→ EXERCISE REQUIREMENTS:
Beneath this instruction is a listing. Transcribe from it only the stretch from the line with "- Dobierz kolory" through the line with "en Luke Raffelsvan", both end lines included, exactly as written.

→ GIVEN RECORDS:
::::
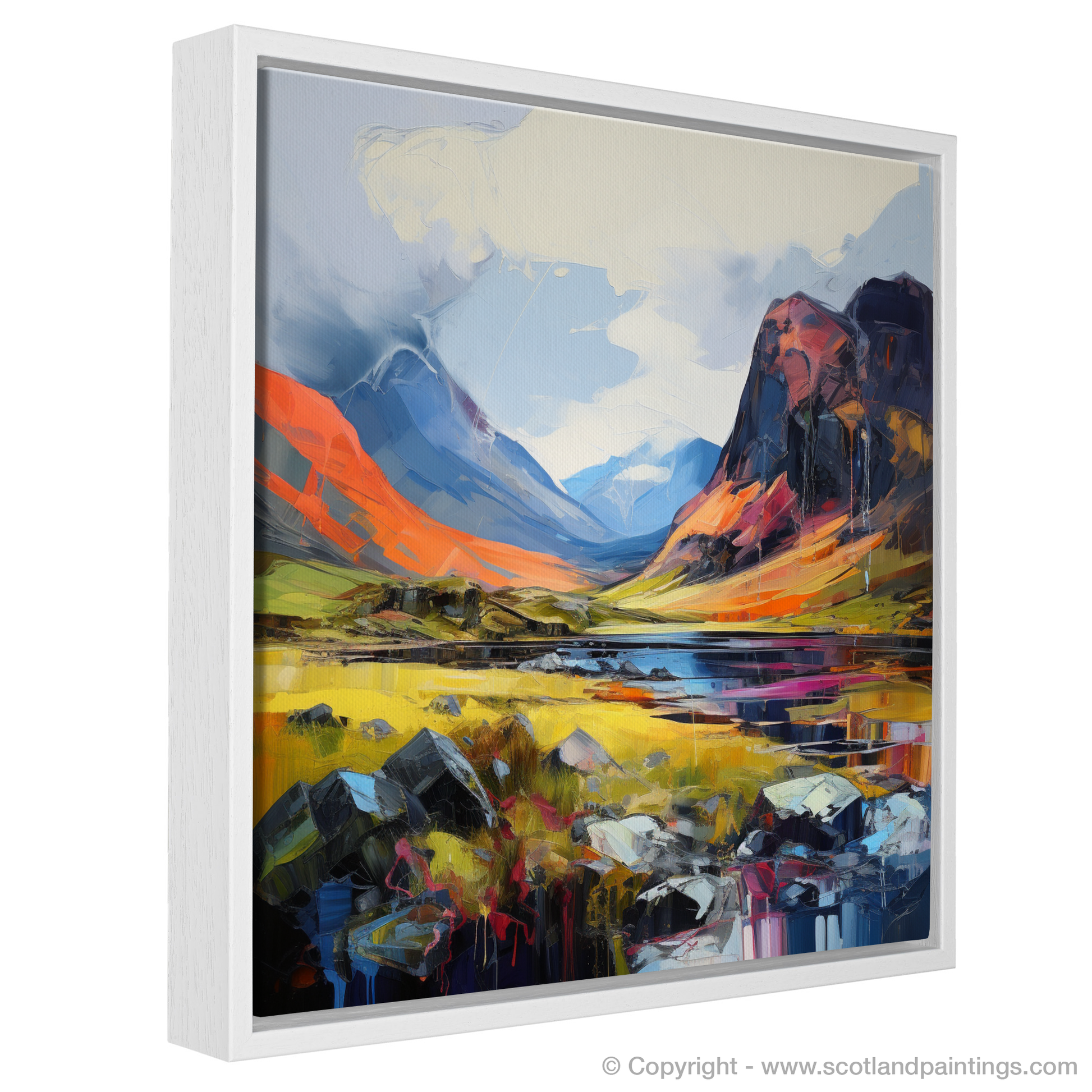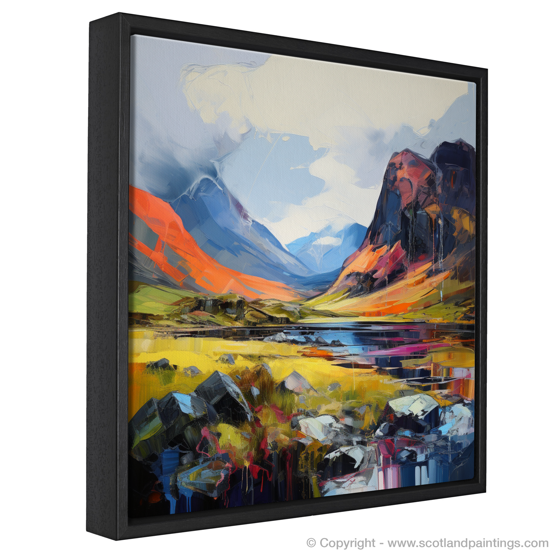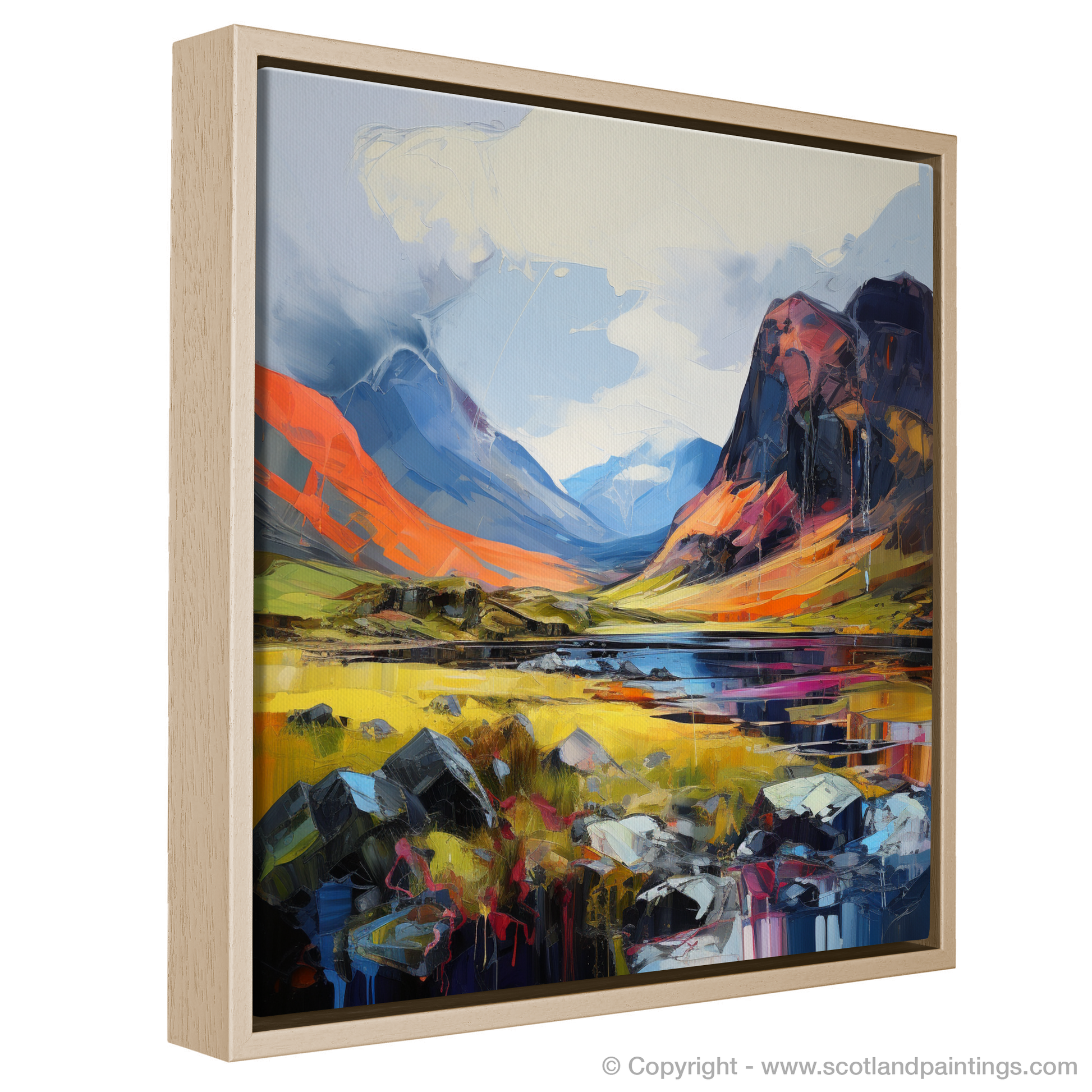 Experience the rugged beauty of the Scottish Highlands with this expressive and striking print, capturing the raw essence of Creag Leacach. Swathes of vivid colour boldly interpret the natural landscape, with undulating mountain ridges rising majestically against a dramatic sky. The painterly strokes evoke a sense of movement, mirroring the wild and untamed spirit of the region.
::::
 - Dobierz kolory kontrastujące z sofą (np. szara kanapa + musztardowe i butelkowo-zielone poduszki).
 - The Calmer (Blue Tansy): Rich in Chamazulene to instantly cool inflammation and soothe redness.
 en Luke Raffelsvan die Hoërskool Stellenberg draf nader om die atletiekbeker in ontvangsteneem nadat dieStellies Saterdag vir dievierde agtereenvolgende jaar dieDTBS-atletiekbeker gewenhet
::::
→ EXERCISE SOLUTION:
 - Dobierz kolory kontrastujące z sofą (np. szara kanapa + musztardowe i butelkowo-zielone poduszki).
 - The Calmer (Blue Tansy): Rich in Chamazulene to instantly cool inflammation and soothe redness.
 en Luke Raffelsvan die Hoërskool Stellenberg draf nader om die atletiekbeker in ontvangsteneem nadat dieStellies Saterdag vir dievierde agtereenvolgende jaar dieDTBS-atletiekbeker gewenhet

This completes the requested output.